So many people will tell you at his rallies, “Trump took a bullet for the country.” That really changed their position. Trump is becoming ever more deeply a part of the idea of “Making America Great Again.” Some people read into that and think it means stopping the white majority from transitioning into a multiracial one.
A lot of the violence is coming from lone wolves or single assailants. Why is that?
Lone-wolf political actors are often volatile people on the edge of violence for their own psycho-social reasons.
However, the perception many of them have is that a significant part of the public supports their goals. That can nudge them over the edge. It’s not the case when you hear, ‘Well, that lone wolf was mentally ill and this has nothing to do with politics, it’s about mental illness.’ These are not alternative explanations. They are mutually reinforcing pictures of how you get political violence.
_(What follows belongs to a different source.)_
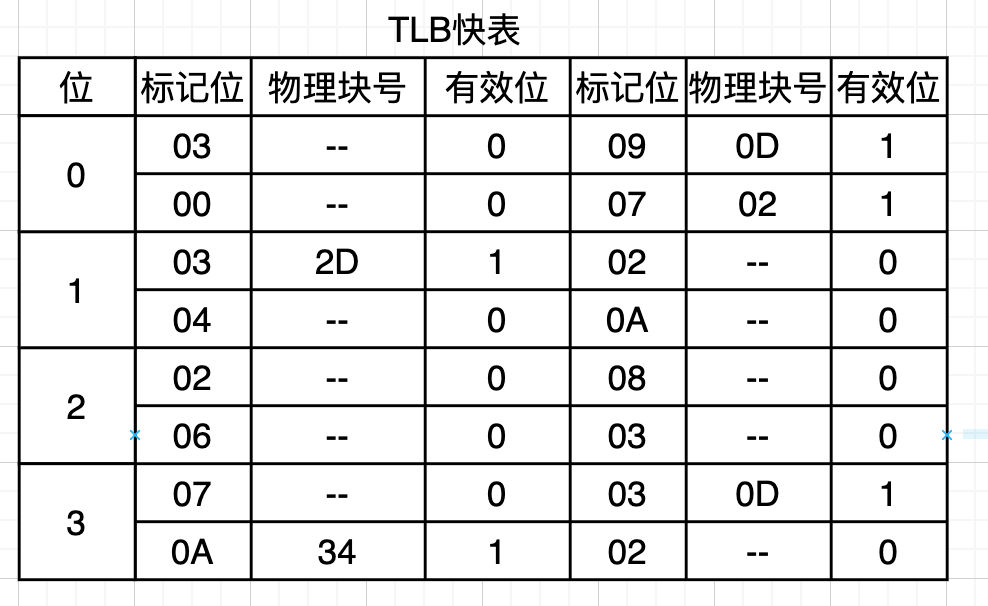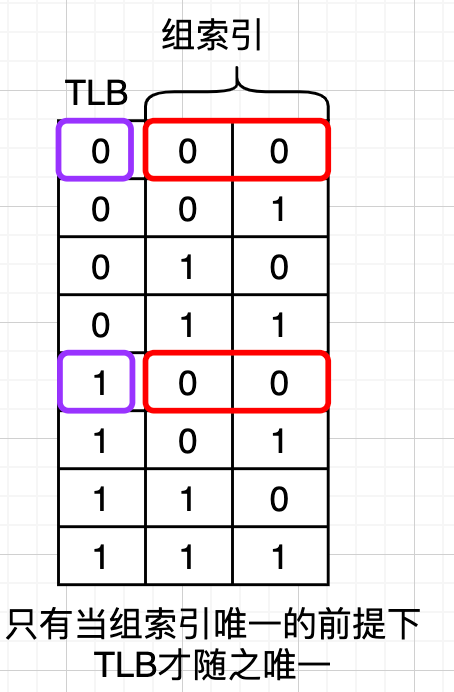 - 如果是8条目2路组相联,分成四组,将页号的后两位(00,01,10,11表示组号)作为组索引,剩余的作为TLB,在组索引唯一的条件下,TLB是唯一的标识

The most common thing you see in all these lone wolves is a desire for publicity. Sometimes they bring cameras with them.
The person who tried to assassinate Nancy Pelosi was arrested and 10 days later he was interviewed on a San Francisco radio station. The very first thing he says is that he wants to apologize to the country for failing to kill Nancy Pelosi. He thought he was acting for a popular cause.
It doesn’t appear that this election will ease or lessen the threat of political violence. Where are we headed?
No matter who wins, the problem of violent populism is going to persist for years. It could well become worse before it gets better.
Ultimately, I believe we will be heading for a softer landing after an eight- to 10-year period, but it’s not going to be over on Nov. 5.